**DATA EXCERPTS**
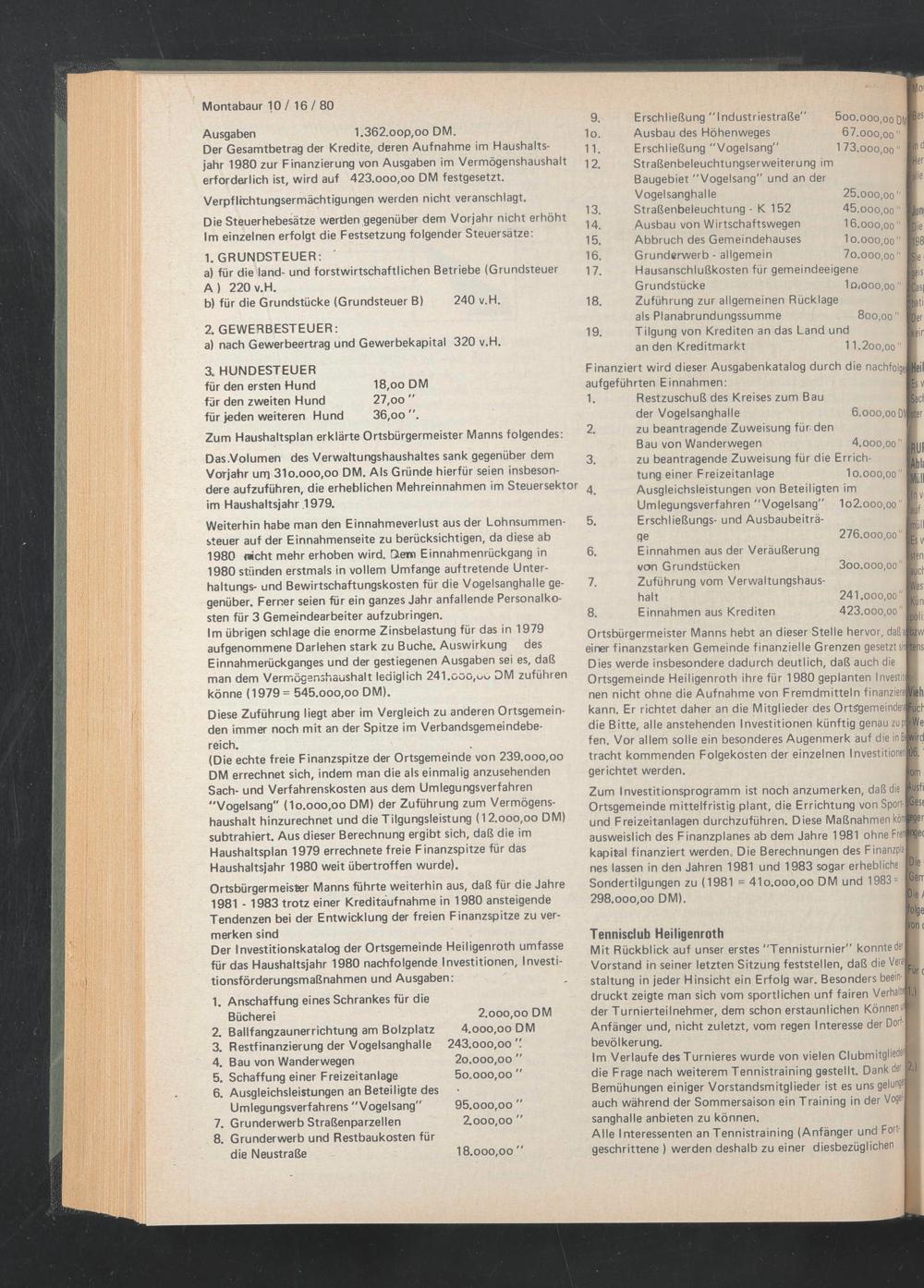 Der Investitionskatalog der Ortsgemeinde Heiligenroth umfasse für das Haushaltsjahr 1980 nachfolgende Investitionen, Investitionsförderungsmaßnahmen und Ausgaben:
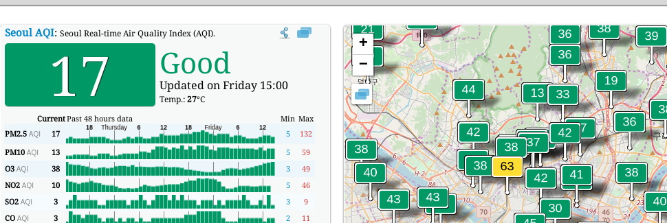서울 대기오염 지수manimore (65)in #kr • 7 years ago 마니모어는 대기오염 지수(AQI)를 제공합니다. 숫자가 높을수록 안좋습니다. 100이상이면 안좋고 150이상 빨간색이면 상당히 안좋은 상태입니다. 자료출처: aqicn.org 빨간색뜨면 마스크 준비하시기 바랍니다. 감사합니다. #kr-event #kr-life #mini
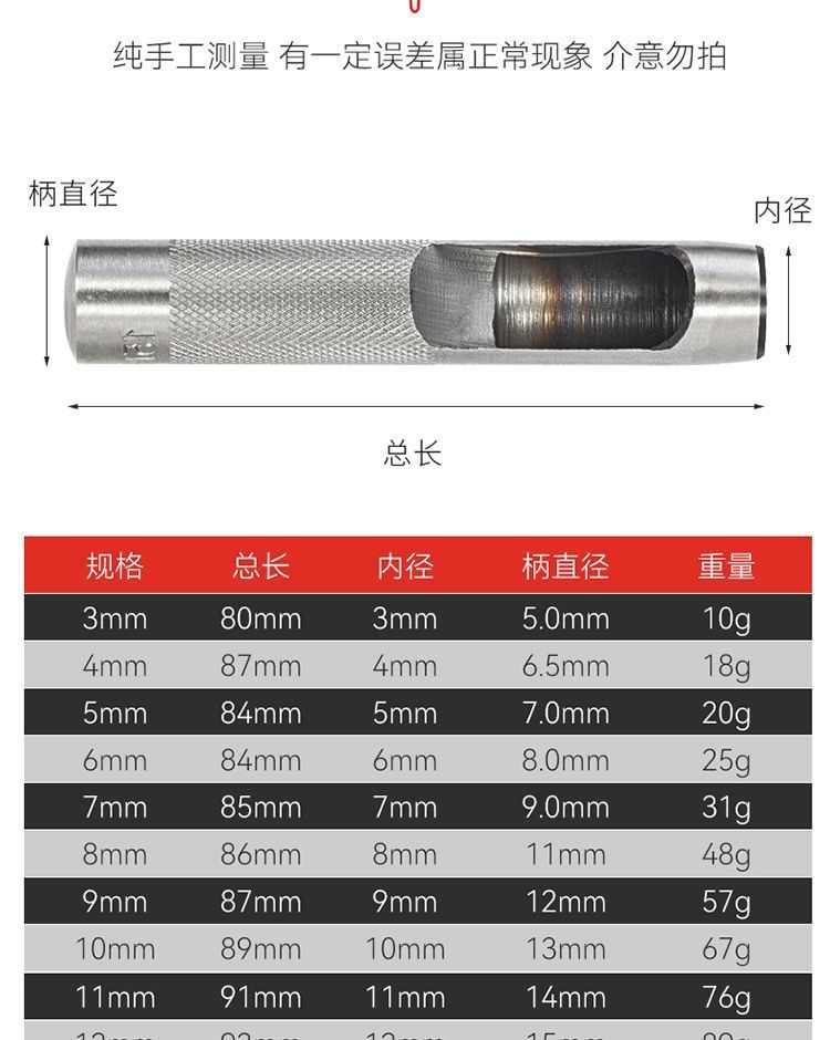 belt punch hole puncher small belt leather hollow punch round hole manual hole opener multifunctional cylindrical punch hot sale] belt punch 3-16 [12 pieces
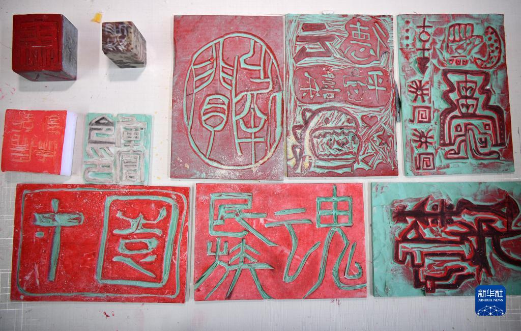 隆德县第二中学学生制作的篆刻作品(11月30日摄)。
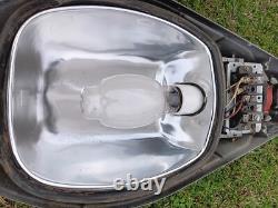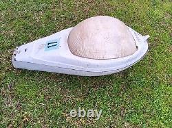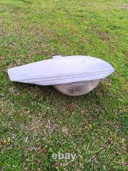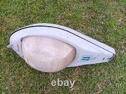 Vintage General Electric mid 1960's M-250 thumb latch 175 W Mercury Vapor Cobrahead. Been stored in HVAC environment and not left outside. No cracks or chips in refractor or dents in the reflector. Bottom door fits as shown with a smooth latch operation and the door hinges are all complete without damage and operate as intended.

**EXERCISE DESCRIPTION**
Your copy should match the data above exactly, apart from the pictures.

**FINISHED EXERCISE**
 Der Investitionskatalog der Ortsgemeinde Heiligenroth umfasse für das Haushaltsjahr 1980 nachfolgende Investitionen, Investitionsförderungsmaßnahmen und Ausgaben:
서울 대기오염 지수manimore (65)in #kr • 7 years ago 마니모어는 대기오염 지수(AQI)를 제공합니다. 숫자가 높을수록 안좋습니다. 100이상이면 안좋고 150이상 빨간색이면 상당히 안좋은 상태입니다. 자료출처: aqicn.org 빨간색뜨면 마스크 준비하시기 바랍니다. 감사합니다. #kr-event #kr-life #mini
 belt punch hole puncher small belt leather hollow punch round hole manual hole opener multifunctional cylindrical punch hot sale] belt punch 3-16 [12 pieces
 隆德县第二中学学生制作的篆刻作品(11月30日摄)。
 Vintage General Electric mid 1960's M-250 thumb latch 175 W Mercury Vapor Cobrahead. Been stored in HVAC environment and not left outside. No cracks or chips in refractor or dents in the reflector. Bottom door fits as shown with a smooth latch operation and the door hinges are all complete without damage and operate as intended.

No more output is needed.